Thursday, August 24, 2023

'How Good is Your Sex Life?'

 

As late as January 1971, Real Men was still sporting a full-sized cover painting, rather than a detail of a recycled cover painting in danger of being crowded out by story headlines, or even a photographic cover, both of which styles were increasingly being favoured by its rivals.  The mix of content is also pretty traditional for a man's magazine, albeit with even more outrageous titles than usual.  'Red-baiting' is now combined with sex in 'Wanted! One Naked Spy to Sleep Withe the Commie Murder King of Guatemala!'.  In fact, this issue seems to have sex on the brain: 'For Rent! An Island - Complete With Your Own Harem!' is another popular adolescent fantasy dramatised for those with weak imaginations.  Likewise 'Snowed In - The Only Man With 100 Eskimo Nymphomaniacs' - whilst I don't want to impugn Eskimo women, I have to say that from the ones I've seen, they're a pretty specialised fetish, so I'm not entirely sure who the target audience for this particular story would be.  Guys who like fish and seal fur underwear, presumably.  

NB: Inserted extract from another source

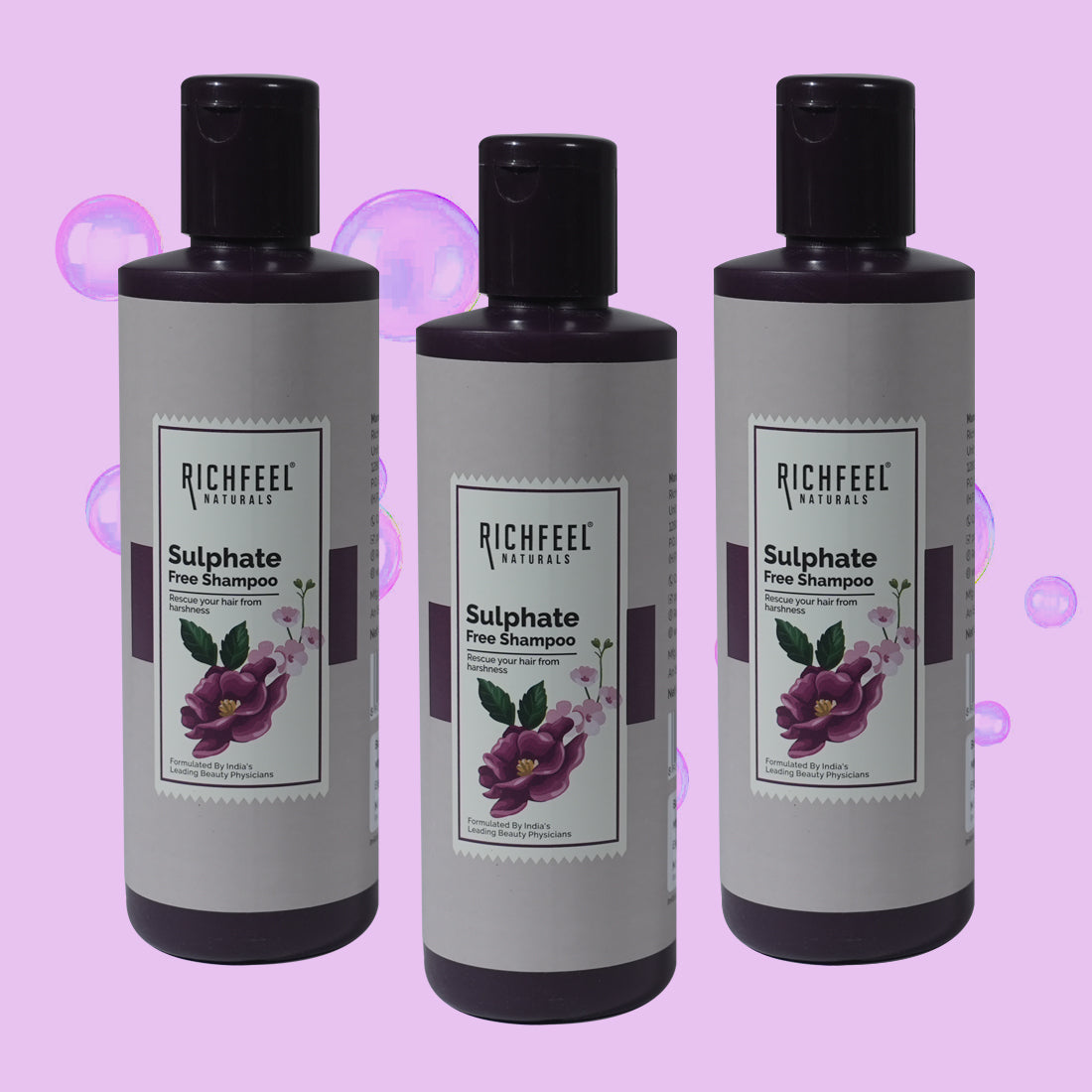 Richfeel Naturals Sulphate Free Shampoo - 220 ml (Pack of 3)

Best of all is the headline proclaiming 'Organised Vice Has Taken Over the Nudist Camps!'.  Bearing in mind that, in the UK at least, nudists tend to be saggy middle aged, middle class, exhibitionists, it is hard to imagine any kind of crime ring 'muscling in' on their action.  The title conjures up visions of protection rackets, with duded in dark fedoras and nothing else extorting money from unwary would be nudists and forcibly dressing them if they don't pay up.  I'm going to assume that it is all connected to the 'Nudist Blackmail Rings' reported on in another man's magazine of the era and works on the basis that people who go to nudist camps are actually ashamed of their activities and the threat of photos of them playing tennis in the buff being sent to their employers would be enough to get them to pay up.  As already noted, though, the majority of naturists are exhibitionists who can't wait to tell you about their activities, (and show you their holiday snaps), whether you want to know or not.  But let's not forget the question 'How Good is Your Sex Life?', for which the magazine promises a simple self test.  Presumably this consists of asking yourself if you are currently having sexual relations with a real live woman, or whether you are masturbating while reading this test.  The former means your sex life is great, the latter that it is non-existent.  I suspect that most readers fell into the latter category.